Warriors Trade with Hawks:

Warriors
In: Josh Smith, Speedy Claxton
Out: Al Harrington, Kosta Perovic, 2009 1st Round Pick

Hawks
In: Al Harrington, Kosta Perovic, 2009 1st Round Pick
Out: Josh Smith, Speedy Claxton

Smith is signed to a 6 year / $85.9 million deal. Smith sees the promising group of players Mullin has assembled including the recently acquired Maggette and Turiaf. His preference to not play under coach Woodson has been well documented and he may be able to push for a sign and trade scenerio by threatening to take the qualifying offer and walk away for nothing in 2009. Josh Smith wants to be part of the run and gun style, so he agrees to do the sign and trade netting him the maximum pay raise of 10.5% per year (avg. $14.3 mil/yr).

We have to take the Claxton deal as incentive for the Hawks to do the sign and trade. He can be bought out if he is unable to contribute.

Rather than losing Smith for nothing, the Hawks get an extra 1st Round Pick in 2009 in addition to a versatile PF that can spread the floor in Harrington, and a back up center in Perovic. If push came to shove, the Warriors could throw in Brandan Wright instead of the #1 pick or take back something of value in addition to Smith.



(click to enlarge)


Golden State Warriors 2008-2009:

Starters
01. Monta Ellis
02. Corey Maggette
03. Stephen Jackson
04. Josh Smith
05. Andris Biedrins

Bench
06. Brandan Wright
07. Ronny Turiaf
08. Marco Belinelli
09. Keyon Dooling
10. Richard Hendrix
11. Anthony Randolph
12. C.J. Watson
13. DeMarcus Nelson

Inactives
14. Speedy Claxton
15. Open

Warriors stay under the Luxury Tax and have a good mix of youth and vets. There is still room to add one more player, perhaps a veteran like Austin Croshere, who's salary doesn't count towards the luxury tax. Or, the Warriors could leave the slot open for more flexibility during the season.

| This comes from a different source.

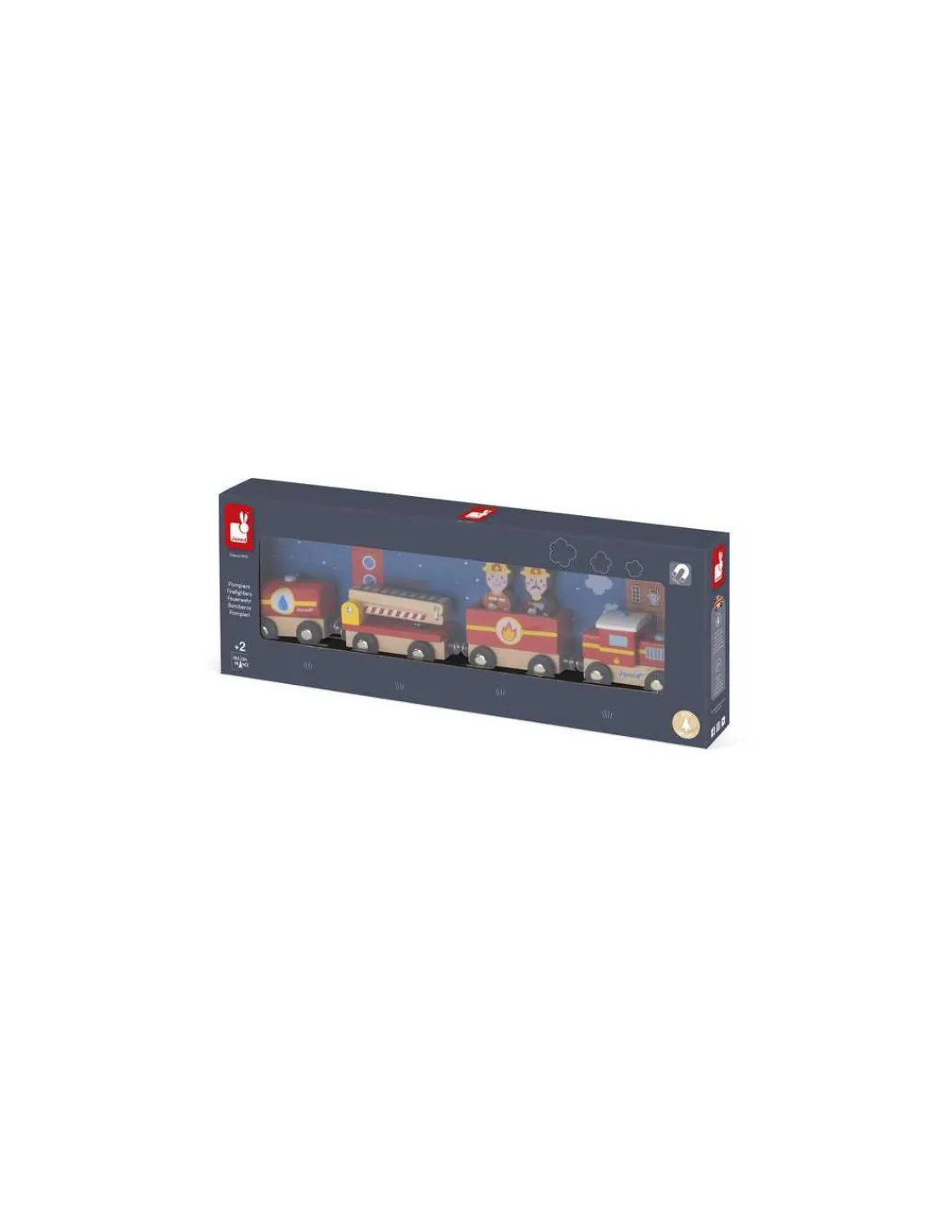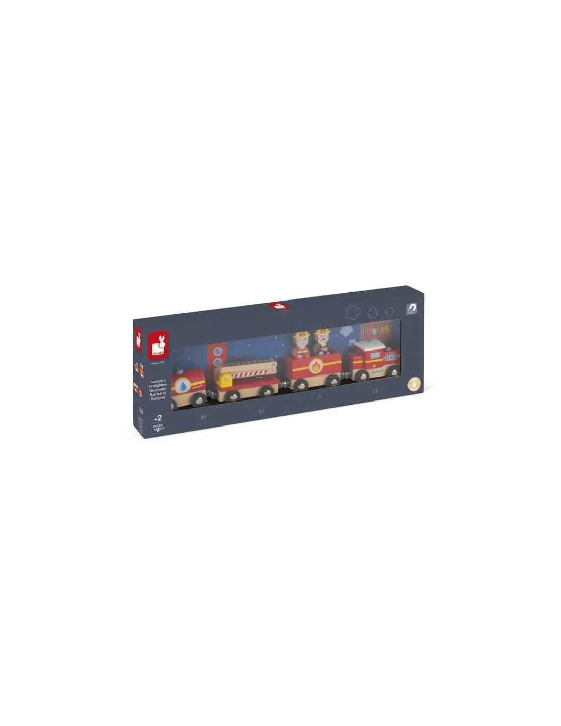 Découvrez le train pompiers Story de Janod, un très joli train en bois magnétique sur le thème des pompiers qui se compose de 6 pièces : une locomotive, 3 wagons dont un avec une échelle et deux pompiers. Un cadeau parfait pour les enfants dès 2 ans.

This is a team that would sell a ton of tickets and compete every night. A team like this would be exciting to watch, has a lot of promise with young guys waiting in the wings, and is a true PG away from being a championship contending team down the line.

Tuesday, July 8, 2008

MAGGETTE: TRYING TO CONVINCE MYSELF THIS IS A GOOD THING


H: 6' 6"
W: 218 lbs
Bday: 11/12/1979
(28 Years Old)

Current: SG/SF
NBA: SF
Possible: SG/SF
Agent: Rob Pelinka

High School: Fenwick
Hometown: Melrose Park, IL
Drafted: Rnd 1, Pick 13 in 1999 by Supersonics

Game Log

I'm struggling mightily with this signing. I like Corey Maggette, but that deal the Warriors gave him is way more than we needed to pay. There's got to be more to this deal. There's got to be a 5th Yr. Team Option included which explains the extra $18m over 5 years we paid to 'steal' him from contending teams with only the MLE. I pray this is a stepping stone to a bigger deal. If it is, kudos to you Mullin.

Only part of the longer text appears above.